İnsanoğlunun kötülüklerine doyan ve bu sebepten dolayı onların arasından kaçıp
ormanlara giden Arif, kısmen o iblisin hilesine aldanıp büyük suçlar işlemiştir. Yani: onu
seven günahsız bir kız (Haver) ın zehir içip ölmesine sebep olmuştur. Sonunda kendi
sevdiği bir kız için öz kardeşi (Vasf) ni öldürmüştür. 1915 ve 1916 yıllarında gerçekleşen
meşhur Çanakkale Savaşını düşündüğü dönemlerde (birinci perde), âdemoğullarına ve
onları yoldan çıkaranİblis’e o kadar lanet yağdırıyordu ki, bun tarifi yok! Birinci perdede
bu halde olan ve ondan sonraki perdelerde de insanlığın vahşiliğinden şikâyet eden ve
İblis’e beddua eden Arif, 3. perde de İblis’in elini öpüyor, onun bir pir, bir keramet sahibi,
bir Hızır olduğuna inanıyordu. Güzel, o perde de Arif, İblis’i insan kılığında görmüş
tanımamıştı, fakat âdemoğulları için İblis’ten her zaman tehlike-tehdit olduğunu iyi
biliyordu.
Piyesin son perdesinde Anadolu’daki Türk isyancılarından bir kişi (İlhan)
gösterilmektedir. Bu isyancı Anadolu’daki ittifakçılara karşı İngiliz casuslarını, Fransız
ajanlarını, hain (satılan) Arap ve Türkleri iyice araştırmadan acımasızca vurup öldürüyor,
adalet içerikli çok yüce sözler ile ah vah diyordu.

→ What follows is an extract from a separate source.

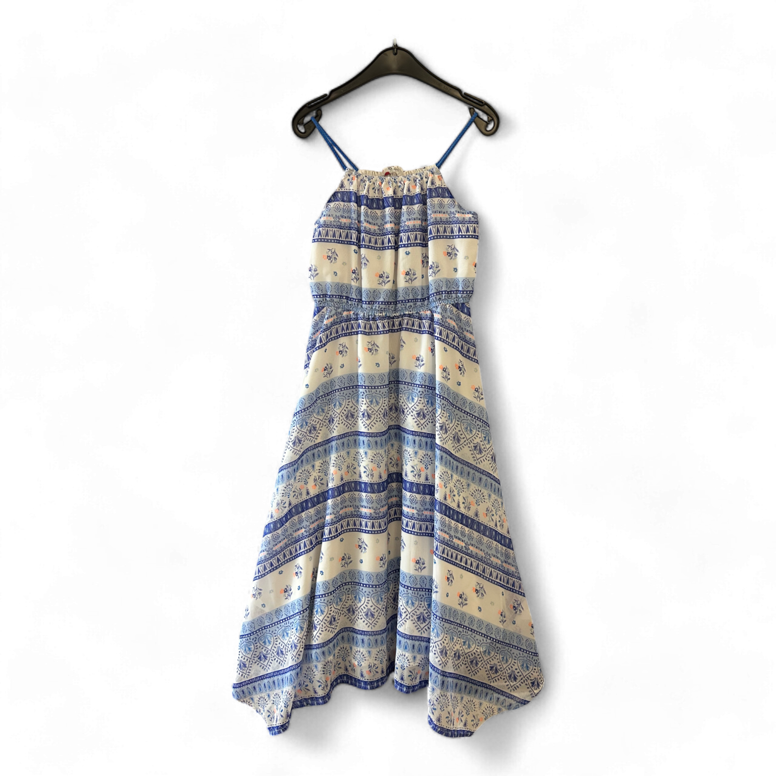 Das hochgeladene Kleid von H&M in Größe 140 ist ein ärmelloses Sommerkleid mit schmalen, blauen Trägern. Es ist weiß mit blauen, ornamentalen Streifenmustern und kleinen Blumenakzenten. Der luftige Schnitt und die weichen Stoffe machen es ideal für warme Sommertage oder festliche Anlässe.

Ama kendisi, cihangirlere karşı
Anadolu’da başkaldıranlara (Kemalistlere) da karşıdır. “Bir ihtimal, köy halkı ve işçi
kesimin menfaatinin peşine düşen kişidir”, diyecek olsak lakin o eski padişahlardan
biridir. Onun sözlerinde bahsi geçen konuda herhangi bir ima, işaret yok. İhtimal ki, bu
şey piyesin “suyunun suyu” olmasından kaynaklanmaktadır.
Oynama kısmına gelirsek:
153
Sahneye giriş çıkış, sözleri zamanında söyleme, fenerlerin açılıp kapanmasında
görülen birtakım eksiklikleri saymazsak, genel olarak sorunsuz ve iyiydi. İblis rolünde
Ebrar, Arif rolünde Uygur, İbn Yamin rolünde Sayfi iyiydiler. Kızların ikisi de (Rana,
Haver) kusursuz oynadılar. Onlarda sadece yumuşaklık ve rahatlık vardı. Diğerleri de
fena değildi. İnsanlar kalabalık, verim güzeldi: hatta yer olmadığından geri dönüp
gidenlerde çok oldu. Burada küçücük bir şey yazıp geçmeyi gerekli buldum. Bu oyuna
“gençler” diye adlandırılan “milletsever”lerinde çoğu geldi. Hatta yeni şehir tiyatrolarını
da sürekli takip eden “oldukça kültürlü” gençlerimizde bu oyunda vardı… Demek
bunlarda sahnelerimize ilgi duyuyorlarmış… Nazar değmesin!